* **RAW DATA**:
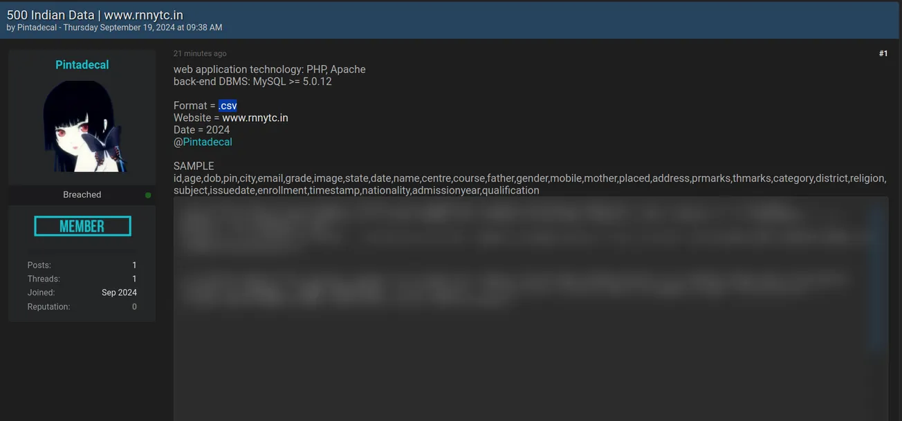 A Threat Actor has Allegedly Leaked Data of Rabindra Nath National Youth Training Centre
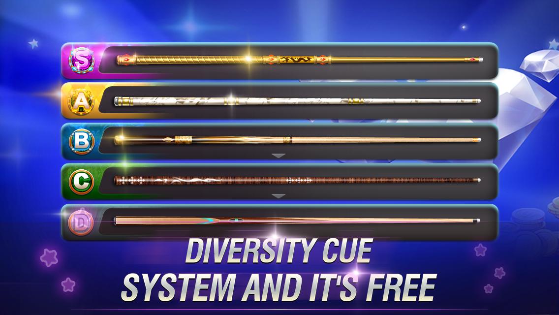 - Different playing modes: 8 ball pool, 9 ball pool & Cards Billiard
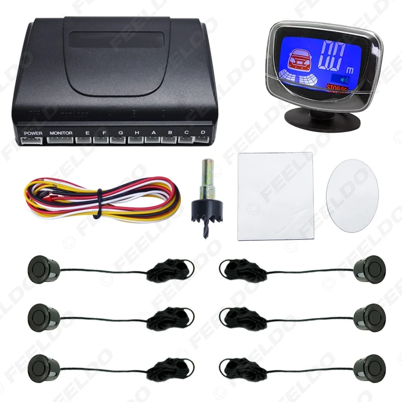 FEELDO 1 комплект 6 датчиков заднийпередний автомобильный ЖК-монитор дисплей датчик парковки обратный резервный Радар Комплект

* **HOW TO COMPLETE THIS TASK**:
When you set down the material above, keep every word exact and include no pictures.

* **YOUR SOLUTION**:
 A Threat Actor has Allegedly Leaked Data of Rabindra Nath National Youth Training Centre
 - Different playing modes: 8 ball pool, 9 ball pool & Cards Billiard
 FEELDO 1 комплект 6 датчиков заднийпередний автомобильный ЖК-монитор дисплей датчик парковки обратный резервный Радар Комплект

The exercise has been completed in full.